* Extracted records
'''
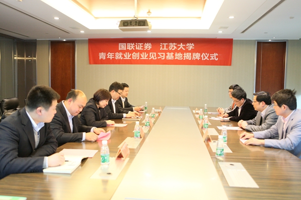 Opening ceremony of‘Youth employment and entrepreneurship practice base’of the Central Committee of the Communist Youth League of China held by Jiangsu University and Guolian securities CO.,LTD in Wuxi, the headquarter of Guolian securities CO.,LTD.
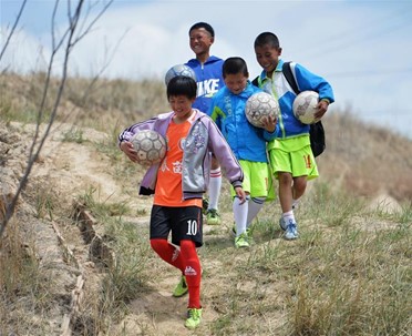 Photo taken in May 2016 shows students at Zhonglianchuan Primary School in northwest China’s Gansu province on their way to football practice after school. (Photo by Chen Bin/Xinhua)
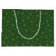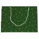 Um verde-escuro bonito e rico fornece um fundo para flocos de neve dourados de todos os tamanhos e formas. Esta design é elegante e sofisticada. Este saco de presentes é a resposta para os desafios de embrulhar presentes. Está disponível em um acabamento brilhante ou mate. Recomendo o final brilhante com este design. Coordenando itens disponíveis na minha loja.
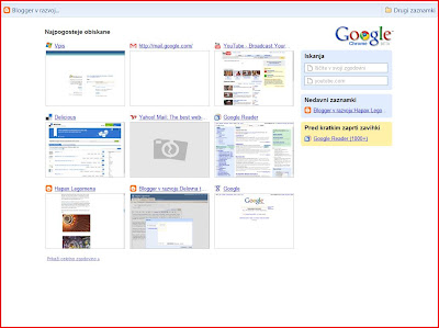 Seveda sem napeto čakal, kaj bo. Še pred uradno predstavitvijo se je vedelo kar nekaj podrobnosti. Zadeva bo imela enako drobovje prikazovanja HTML kot Applov Safari in Konqueror. Zadeva bo vsako stran posebej razumela kot aplikacijo. Chrome bo popolnoma prilagojen spletu 2.0. Razumljivo, da sem bil precej navdušen, ko sem dobil priložnost, da ga prenesem.
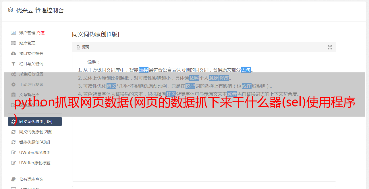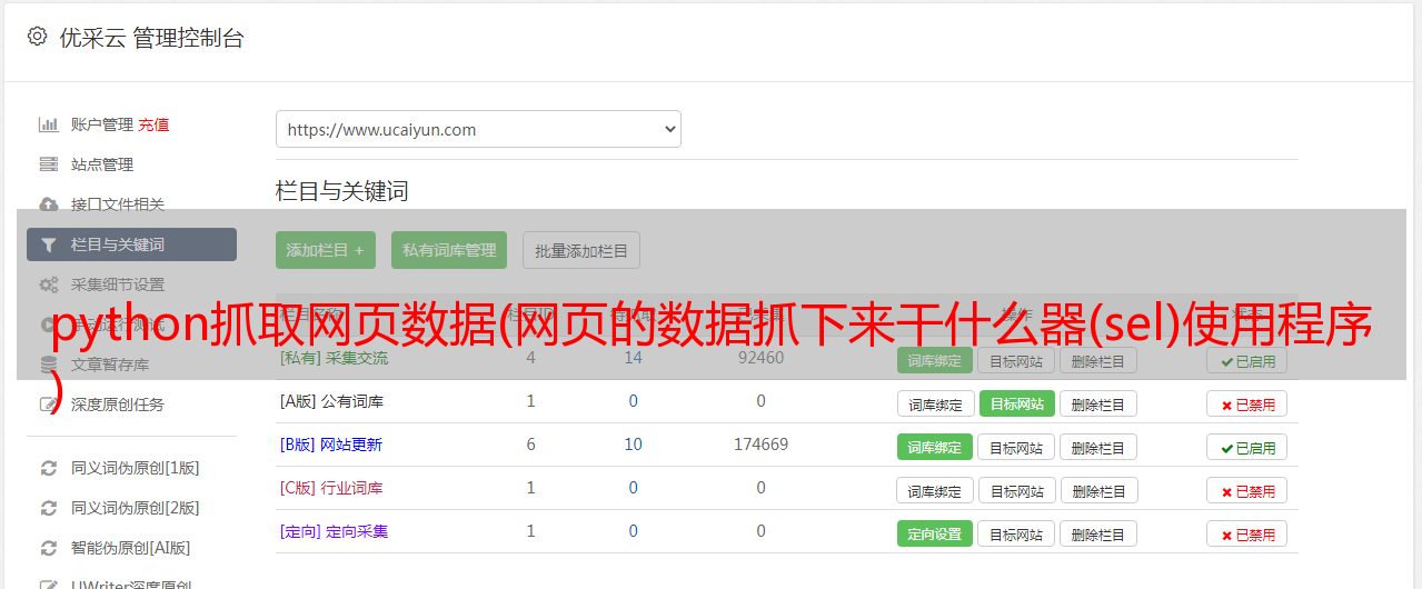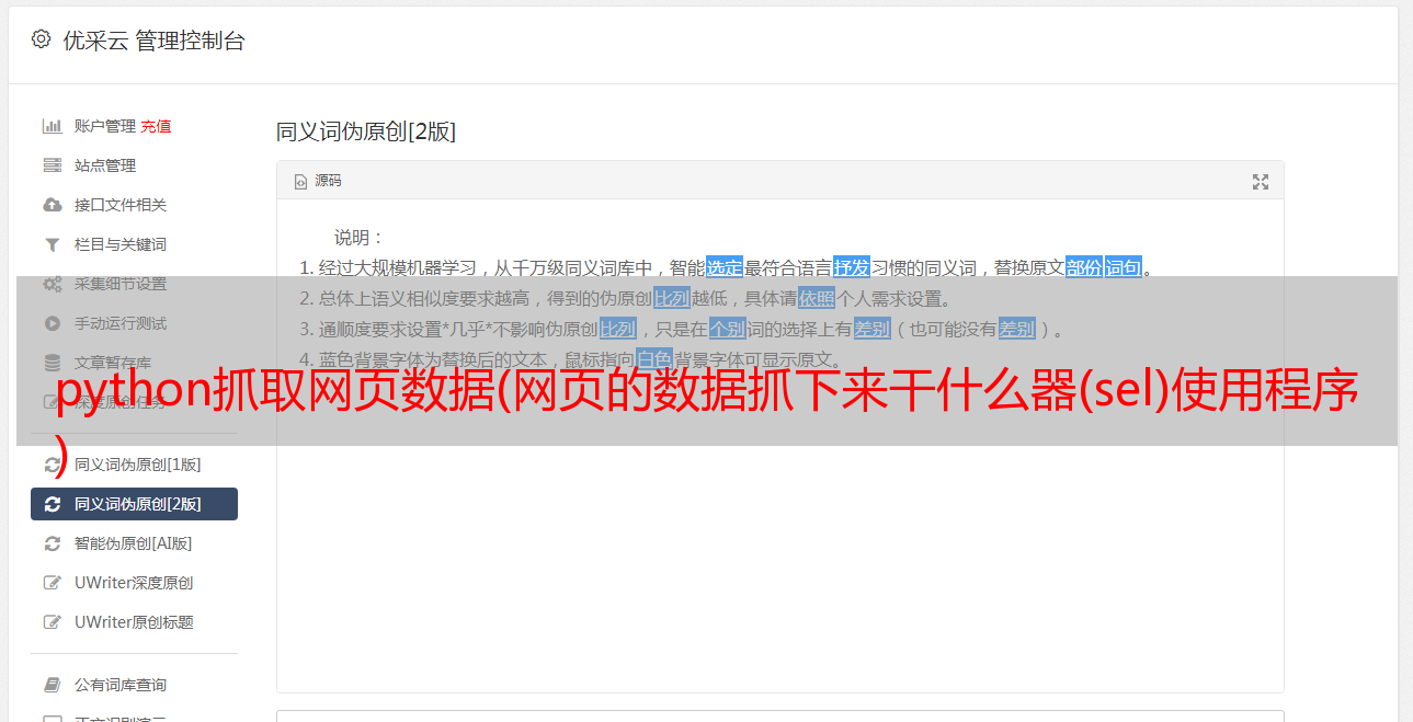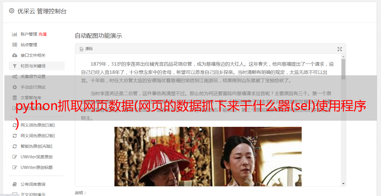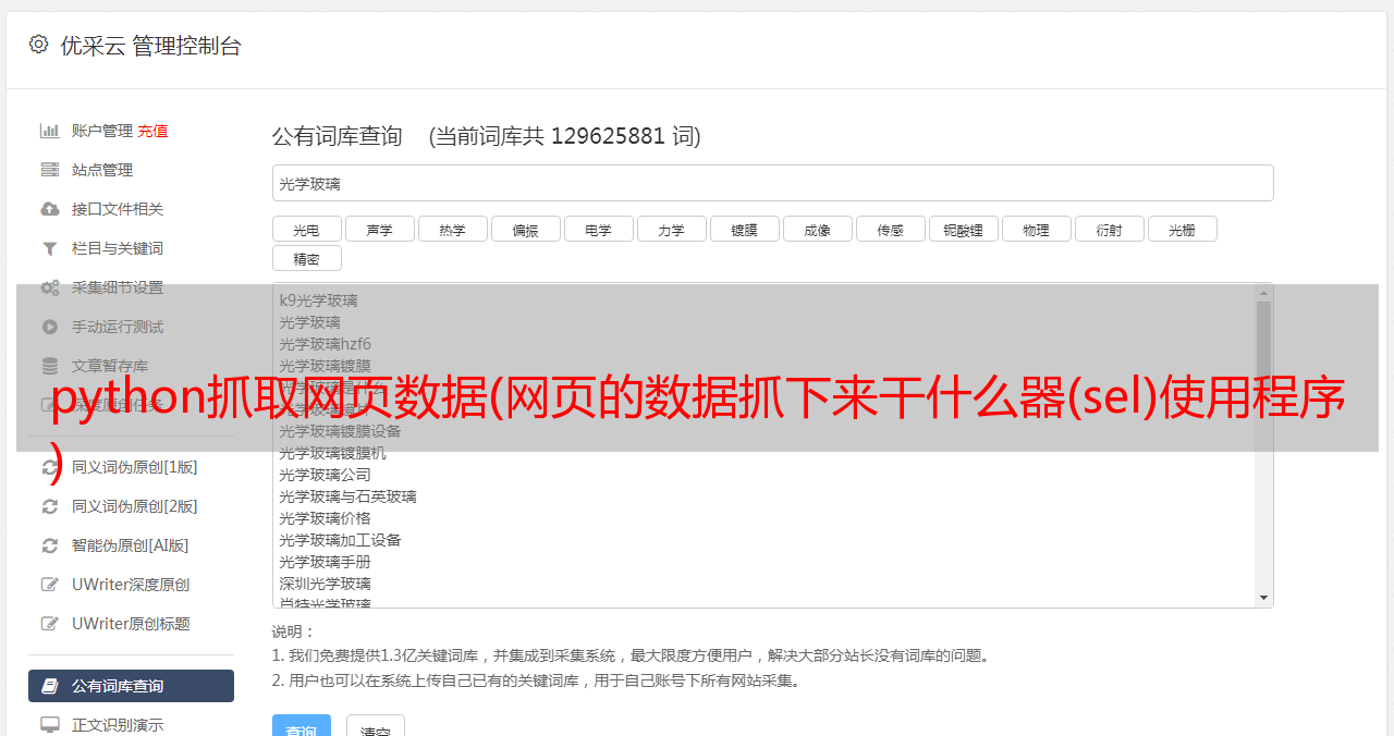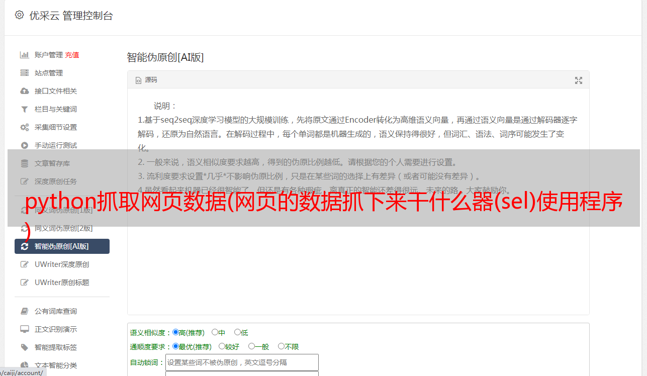 优采云 发布时间: 2021-10-04 23:20python抓取网页数据(网页的数据抓下来干什么器(sel)使用程序
'''
* What is expected
Start with the line that holds "Seveda sem napeto" and retype each line through the last one in the data, exactly and without pictures.

* Task output
 Seveda sem napeto čakal, kaj bo. Še pred uradno predstavitvijo se je vedelo kar nekaj podrobnosti. Zadeva bo imela enako drobovje prikazovanja HTML kot Applov Safari in Konqueror. Zadeva bo vsako stran posebej razumela kot aplikacijo. Chrome bo popolnoma prilagojen spletu 2.0. Razumljivo, da sem bil precej navdušen, ko sem dobil priložnost, da ga prenesem.
 优采云 发布时间: 2021-10-04 23:20python抓取网页数据(网页的数据抓下来干什么器(sel)使用程序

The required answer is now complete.